> _Exercise objective_
From the data below, set down exactly the lines between the one holding "Profiel met infiltratiebermen" and the one holding "Komoda Duerto to", inclusive, and no others.

Segment Start: Given information

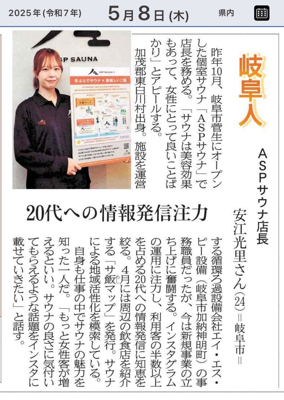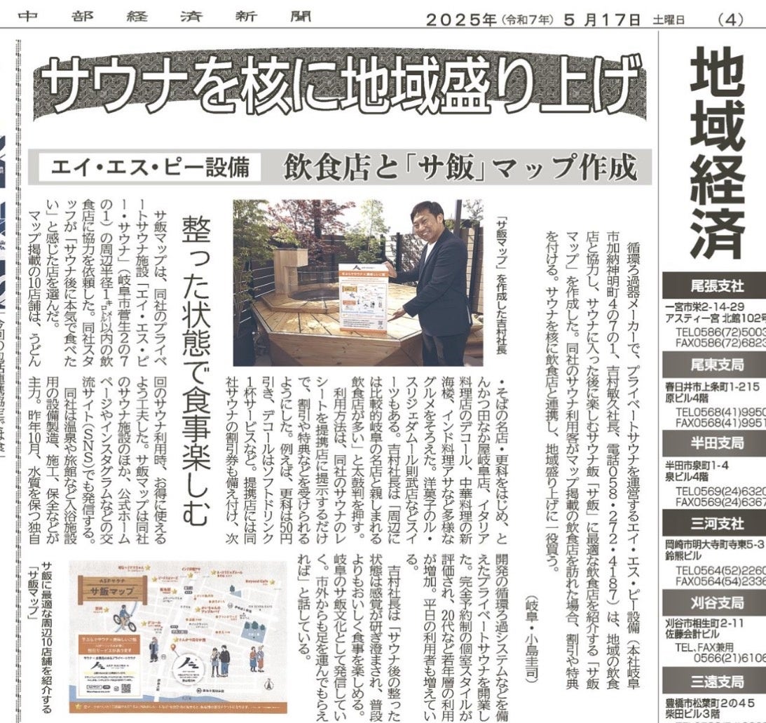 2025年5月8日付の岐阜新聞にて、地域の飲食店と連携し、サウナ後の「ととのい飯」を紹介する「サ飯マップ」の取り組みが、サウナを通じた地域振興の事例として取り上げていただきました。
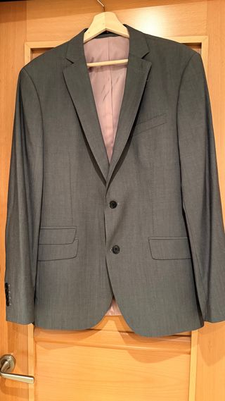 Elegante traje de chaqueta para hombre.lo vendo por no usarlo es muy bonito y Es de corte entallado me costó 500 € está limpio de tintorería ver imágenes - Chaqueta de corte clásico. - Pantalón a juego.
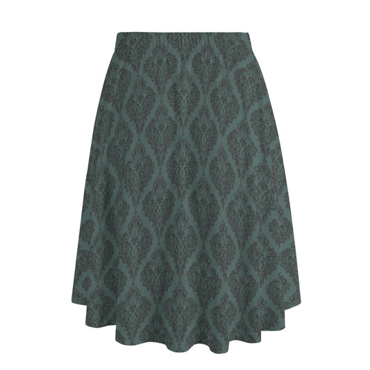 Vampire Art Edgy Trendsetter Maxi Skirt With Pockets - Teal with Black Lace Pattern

Segment End: Given information
Segment Start: Given information

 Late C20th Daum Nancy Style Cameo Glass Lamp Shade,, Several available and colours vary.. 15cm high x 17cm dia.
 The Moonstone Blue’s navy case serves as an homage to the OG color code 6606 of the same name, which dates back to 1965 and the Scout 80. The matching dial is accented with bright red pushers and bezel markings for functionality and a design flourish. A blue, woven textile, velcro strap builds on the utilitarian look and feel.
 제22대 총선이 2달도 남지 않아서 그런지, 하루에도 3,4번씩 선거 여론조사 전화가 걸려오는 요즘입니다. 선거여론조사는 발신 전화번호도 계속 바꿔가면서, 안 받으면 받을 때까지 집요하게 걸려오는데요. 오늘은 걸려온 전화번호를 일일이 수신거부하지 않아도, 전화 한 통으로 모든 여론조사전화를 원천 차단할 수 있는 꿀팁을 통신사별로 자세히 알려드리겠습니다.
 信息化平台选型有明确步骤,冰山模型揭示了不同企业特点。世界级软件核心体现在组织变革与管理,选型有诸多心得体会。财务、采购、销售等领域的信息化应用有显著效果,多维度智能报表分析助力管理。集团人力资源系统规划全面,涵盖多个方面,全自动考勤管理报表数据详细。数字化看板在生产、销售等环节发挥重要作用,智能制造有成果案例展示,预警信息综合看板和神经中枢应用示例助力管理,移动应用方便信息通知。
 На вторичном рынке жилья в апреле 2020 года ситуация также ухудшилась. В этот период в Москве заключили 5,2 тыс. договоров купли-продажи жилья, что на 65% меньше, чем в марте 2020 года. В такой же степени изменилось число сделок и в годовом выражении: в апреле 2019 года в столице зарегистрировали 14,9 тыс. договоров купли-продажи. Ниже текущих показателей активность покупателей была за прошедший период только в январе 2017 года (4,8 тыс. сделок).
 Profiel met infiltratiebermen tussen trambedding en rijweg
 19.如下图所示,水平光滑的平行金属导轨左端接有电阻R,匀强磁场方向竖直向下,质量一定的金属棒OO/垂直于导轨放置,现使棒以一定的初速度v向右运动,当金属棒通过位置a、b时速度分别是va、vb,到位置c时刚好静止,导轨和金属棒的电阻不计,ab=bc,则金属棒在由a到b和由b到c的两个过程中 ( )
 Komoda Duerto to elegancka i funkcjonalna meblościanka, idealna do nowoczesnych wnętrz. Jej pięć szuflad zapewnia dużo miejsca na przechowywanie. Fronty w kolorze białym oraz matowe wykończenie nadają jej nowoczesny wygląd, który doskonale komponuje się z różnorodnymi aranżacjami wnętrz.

Segment End: Given information
Segment Start: Given information

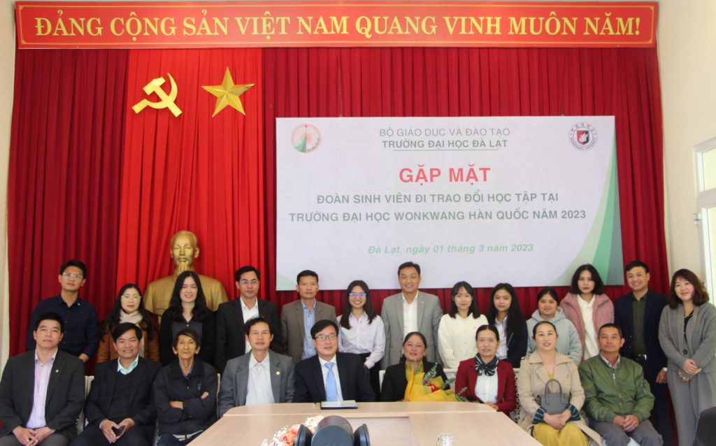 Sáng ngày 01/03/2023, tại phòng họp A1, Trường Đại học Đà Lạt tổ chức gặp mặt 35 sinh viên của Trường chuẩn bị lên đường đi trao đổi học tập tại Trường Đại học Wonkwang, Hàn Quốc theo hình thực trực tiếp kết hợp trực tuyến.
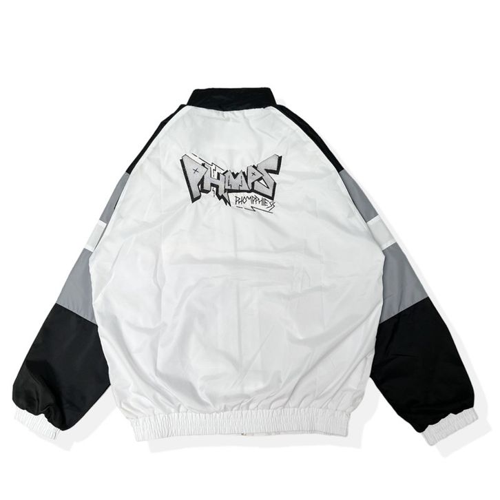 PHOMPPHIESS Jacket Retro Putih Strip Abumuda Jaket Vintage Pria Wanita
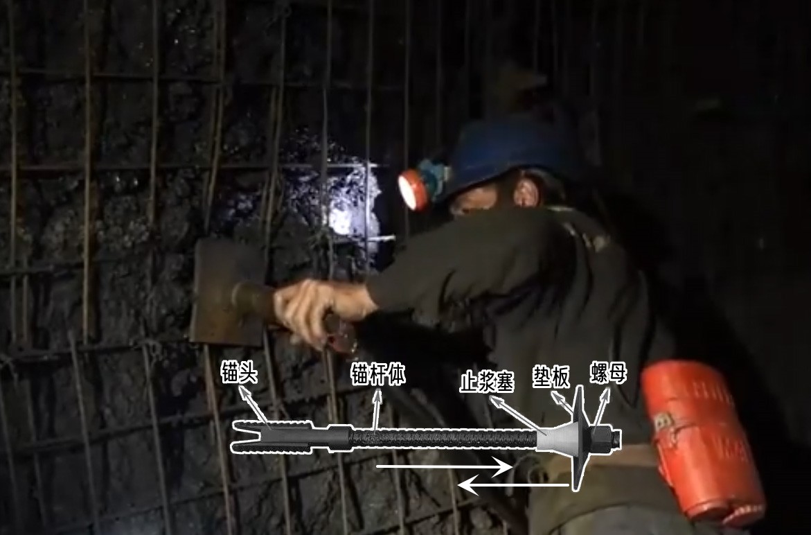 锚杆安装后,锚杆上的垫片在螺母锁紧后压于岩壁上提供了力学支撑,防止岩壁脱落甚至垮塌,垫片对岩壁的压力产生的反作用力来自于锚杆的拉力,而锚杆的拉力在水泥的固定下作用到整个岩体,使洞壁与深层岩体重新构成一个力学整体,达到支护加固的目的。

Segment End: Given information

> _Result_
 Profiel met infiltratiebermen tussen trambedding en rijweg
 19.如下图所示,水平光滑的平行金属导轨左端接有电阻R,匀强磁场方向竖直向下,质量一定的金属棒OO/垂直于导轨放置,现使棒以一定的初速度v向右运动,当金属棒通过位置a、b时速度分别是va、vb,到位置c时刚好静止,导轨和金属棒的电阻不计,ab=bc,则金属棒在由a到b和由b到c的两个过程中 ( )
 Komoda Duerto to elegancka i funkcjonalna meblościanka, idealna do nowoczesnych wnętrz. Jej pięć szuflad zapewnia dużo miejsca na przechowywanie. Fronty w kolorze białym oraz matowe wykończenie nadają jej nowoczesny wygląd, który doskonale komponuje się z różnorodnymi aranżacjami wnętrz.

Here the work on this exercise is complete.